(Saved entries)
· · · · ·

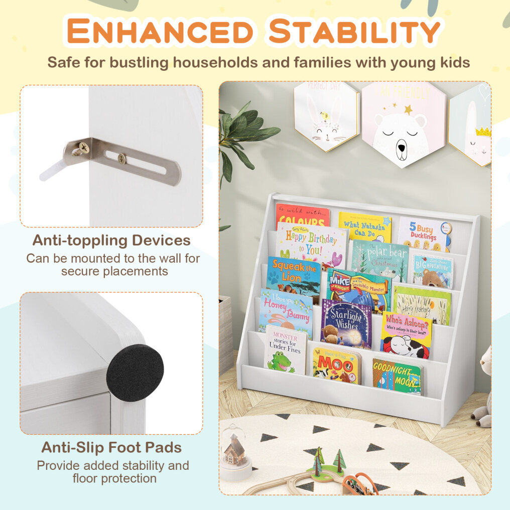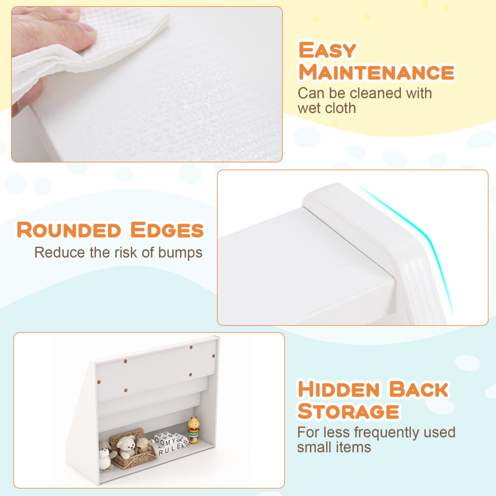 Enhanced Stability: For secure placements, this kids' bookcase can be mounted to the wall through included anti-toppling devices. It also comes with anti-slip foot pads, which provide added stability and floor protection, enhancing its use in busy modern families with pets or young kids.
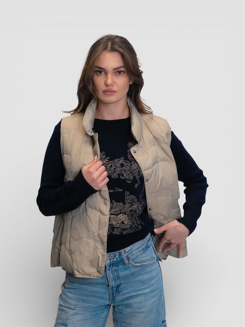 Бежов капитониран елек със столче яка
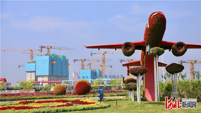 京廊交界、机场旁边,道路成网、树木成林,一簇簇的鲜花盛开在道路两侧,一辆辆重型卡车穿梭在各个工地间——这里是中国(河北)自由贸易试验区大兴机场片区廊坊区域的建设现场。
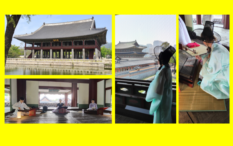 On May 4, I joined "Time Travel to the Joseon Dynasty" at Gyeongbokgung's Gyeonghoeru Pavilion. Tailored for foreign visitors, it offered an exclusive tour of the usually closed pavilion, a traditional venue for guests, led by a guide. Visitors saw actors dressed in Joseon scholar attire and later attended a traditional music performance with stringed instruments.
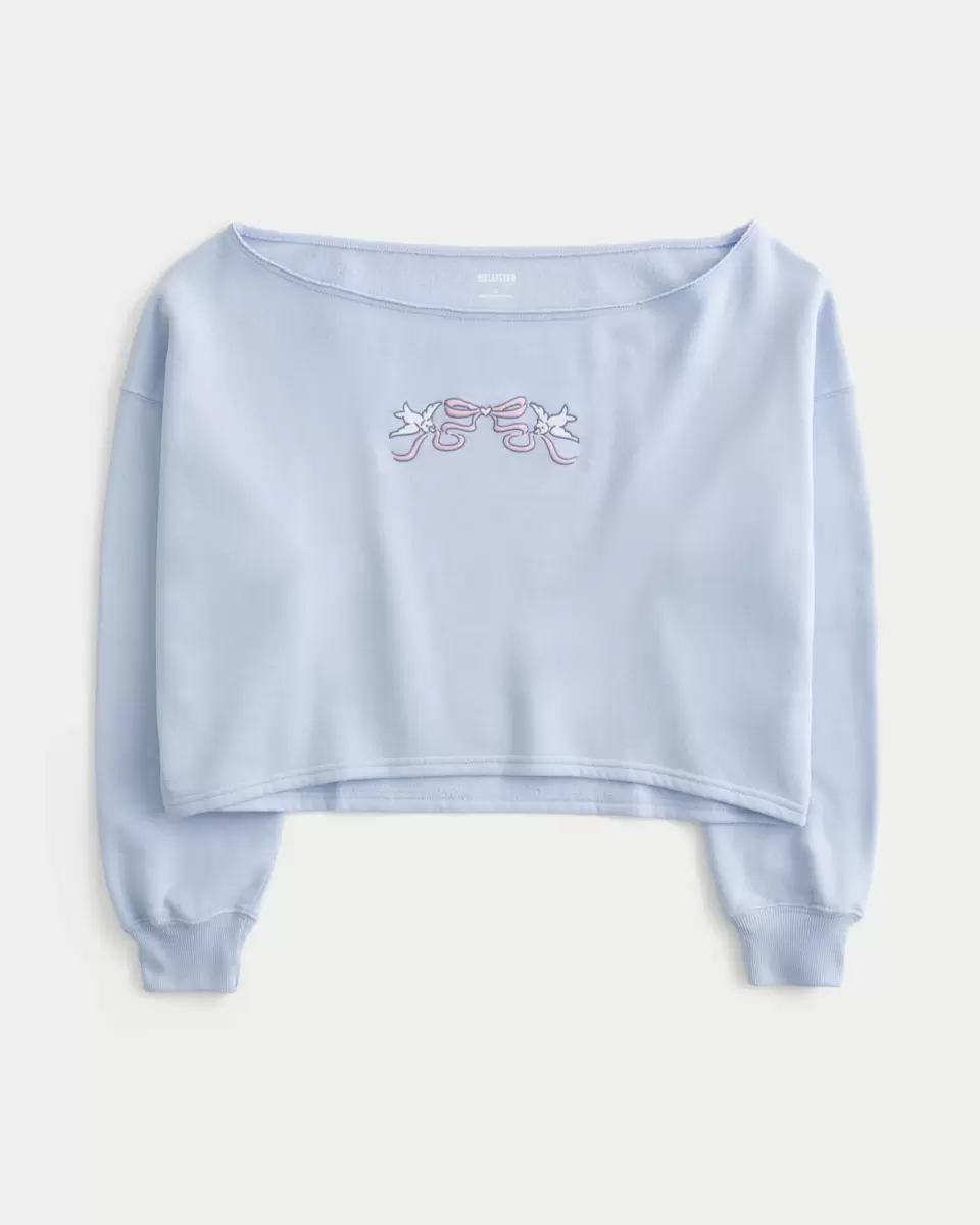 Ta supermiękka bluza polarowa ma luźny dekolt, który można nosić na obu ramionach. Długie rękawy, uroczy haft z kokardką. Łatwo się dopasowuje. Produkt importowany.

· · · · ·

• **Work order**
Only the lines from the line containing "Бежов капитониран елек със столче яка" through the last line of the entries above should be reproduced, word for word and without pictures.

• **Answer box**
 Бежов капитониран елек със столче яка
 京廊交界、机场旁边,道路成网、树木成林,一簇簇的鲜花盛开在道路两侧,一辆辆重型卡车穿梭在各个工地间——这里是中国(河北)自由贸易试验区大兴机场片区廊坊区域的建设现场。
 On May 4, I joined "Time Travel to the Joseon Dynasty" at Gyeongbokgung's Gyeonghoeru Pavilion. Tailored for foreign visitors, it offered an exclusive tour of the usually closed pavilion, a traditional venue for guests, led by a guide. Visitors saw actors dressed in Joseon scholar attire and later attended a traditional music performance with stringed instruments.
 Ta supermiękka bluza polarowa ma luźny dekolt, który można nosić na obu ramionach. Długie rękawy, uroczy haft z kokardką. Łatwo się dopasowuje. Produkt importowany.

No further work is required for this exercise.